The saspy.SASsession() object has the teach_me_SAS attribute when set to True, returning the generated SAS code from any method that is called. Listing 8-16 illustrates this capability.
sas.teach_me_SAS(True)
loansas.bar('ln_stat')
sas.teach_me_SAS(False)
Listing 8-16

Teach Me SAS

Figure 8-5 displays the output executed in a Jupyter notebook.
../images/440803_1_En_8_Chapter/440803_1_En_8_Fig5_HTML.jpg
Figure 8-5

Teach_me_SAS Attribute

Execute SAS Code

Another useful feature for the saspy.SASsession() object is the submit() method . This feature enables you to submit arbitrary blocks of SAS code and returns a Python Dictionary containing the SAS log and any output where ‘LOG’ and ‘LST’ are the keys respectively. Consider Listing 8-17.
sas_code='''options nodate nonumber;
proc print data=sas_data.loan_ds (obs=5);
var id;
run;'''
results = sas.submit(sas_code, results="TEXT")
print(results['LST'])
Listing 8-17

SAS submit() Method

The sas_code object is defined as a Python Docstring using three quotes ''' to mark the begin and end of the Docstring. In our case, the Docstring holds the text for a valid block of SAS code. The syntax
results = sas.submit(sas_code, results="TEXT")

calls the sas.submit() method by passing the sas_code object containing the SAS statements to be executed by the SAS sub-process. The results object receives the output, either in text or html form created by the SAS process.
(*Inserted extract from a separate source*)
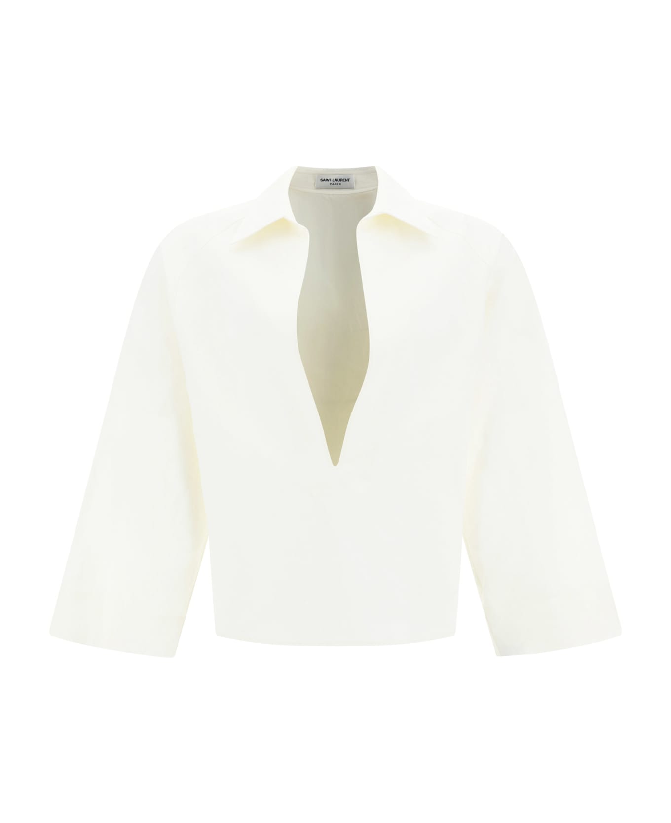 Cotton shirt by saint laurent, classic collar, wide sleeves, deep slit neckline at front, regular fit. Composition: 50% % Cotton, 50% % Linen

In our case, we assign the output from PROC PRINT to the results Dictionary and call the print() method using the “LST” key to return the SAS output as
print(results['LST'])
The other key for the results Dictionary is ‘LOG’ and returns the section of the SAS log (rather than the entire log) associated with the block of submitted code. These examples are displayed in Figure 8-6 from a Jupyter notebook.
../images/440803_1_En_8_Chapter/440803_1_En_8_Fig6_HTML.jpg
Figure 8-6

SAS.submit() Method Output

You can render SAS output (the listing file) with HTML as well. This capability is illustrated in Listing 8-18.
from IPython.display import HTML
results = sas.submit(sas_code, results="HTML")
HTML(results['LST'])
Listing 8-18

SAS.submit() method Using HTML

In this example, the same sas_code object created in Listing 8-17 is passed to the sas.submit() method using the argument results='HTML'.
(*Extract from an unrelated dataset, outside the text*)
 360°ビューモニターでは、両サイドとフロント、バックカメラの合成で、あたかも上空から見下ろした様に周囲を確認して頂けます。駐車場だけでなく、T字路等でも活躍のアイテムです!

The HTML results from a Jupyter notebook is rendered in Figure 8-7.
../images/440803_1_En_8_Chapter/440803_1_En_8_Fig7_HTML.jpg
Figure 8-7

SAS.submit() Method with HTML Output

Write SAS Dataset to DataFrame

SASPy provides the sas.sasdata2dataframe() method to write a SAS dataset to a pandas Dataframe. The alias is sas.sd2df(). The sas.sd2df() method portends numerous possibilities since a SAS dataset itself is a logical reference mapped to any number of physical data sources across the organization. Depending on which products you license from SAS, a SAS dataset can refer to SAS datasets on a local filesystem, on a remote filesystem, or SAS/Access Views attached to RDBMS tables, views, files, and so on.
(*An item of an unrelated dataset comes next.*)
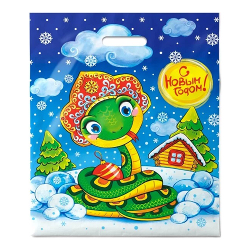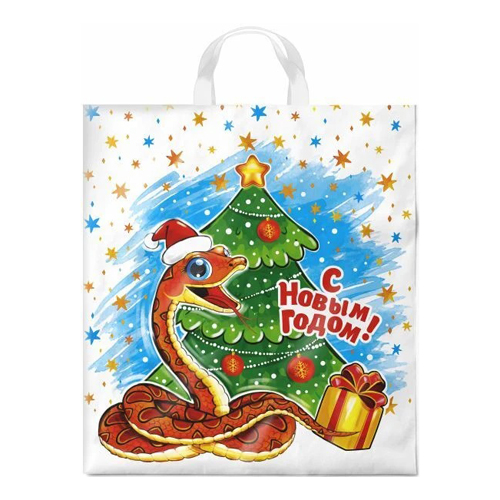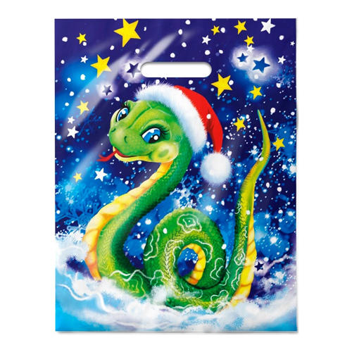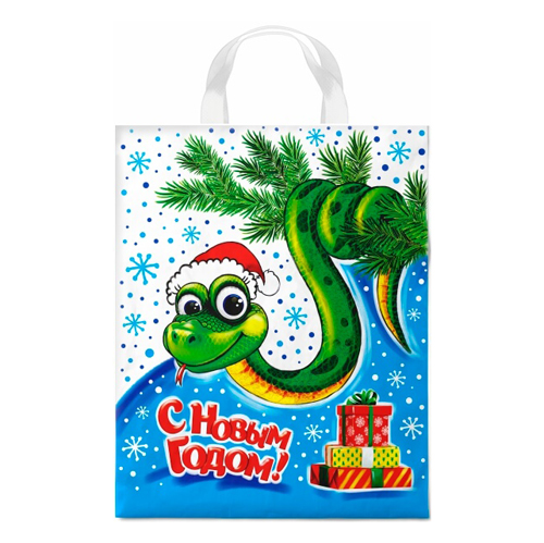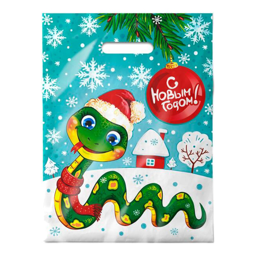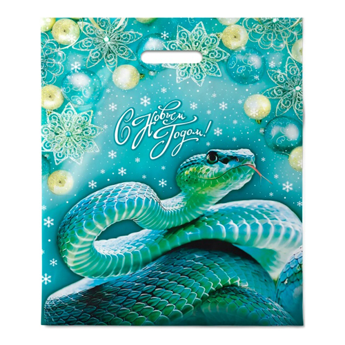 Пакет ПЭ " Интерпак " с вырубной ручкой ПВД, Новогодний- Символ года 40*47см 45мкм Ледяная змея

The sas.sd2df() method has five parameters. They are
  1. 1.

    table: the name of the SAS dataset to export to a target DataFrame.

     
  2. 2.

    Libref: the libref for the SAS dataset.

     
  3. 3.
    dsopts: a Python Dictionary containing the following SAS dataset options:
    1. a.

      WHERE clause

       
    2. b.

      KEEP list

       
    3. c.

      DROP list

       
    4. d.

      OBS

       
    5. e.

      FIRSTOBS

       
    6. f.

      FORMAT

       
     
  4. 4.

    Method: The default is MEMORY. If the SAS dataset is large, you may get better performance using the CSV method.

     
  5. 5.

    Kwargs: which indicates the sas.sd2df() method can accept any number of valid parameters passed to it.

     
Consider Listing 8-19.
>>> import pandas as pd
>>> import saspy
>>> sas = saspy.SASsession(cfgname='winlocal')
SAS Connection established. Subprocess id is 17876
>>> ds_options = {'where'   : 'make = "Ford"',
...              'keep'     : ['msrp enginesize Cylinders Horsepower Make'],
...              }
>>> cars_df = sas.sd2df(table='cars', libref="sashelp", dsopts=ds_options, method="CSV")
>>> print(cars_df.shape)
(23, 5)
>>> cars_df.head()
   Make   MSRP  EngineSize  Cylinders  Horsepower
0  Ford  41475         6.8         10         310
1  Ford  34560         4.6          8         232
2  Ford  29670         4.0          6         210
3  Ford  22515         3.0          6         201
4  Ford  13270         2.0          4         130
Listing 8-19

Export SAS Dataset to DataFrame

The ds_options object uses a Dictionary to pass valid SAS dataset options, in this case, a WHERE clause and a KEEP list. Notice the quoting needed for the value associated with the where key
'make = "Ford"'

The outer pair of single quotes is required since this string is a value defined for the Python Dictionary. The inner pair of double quotes are required since the SAS WHERE clause is applied to the character variable make.

The syntax
cars_df = sas.sd2df(table='cars', libref="sashelp", dsopts=ds_options, method="CSV")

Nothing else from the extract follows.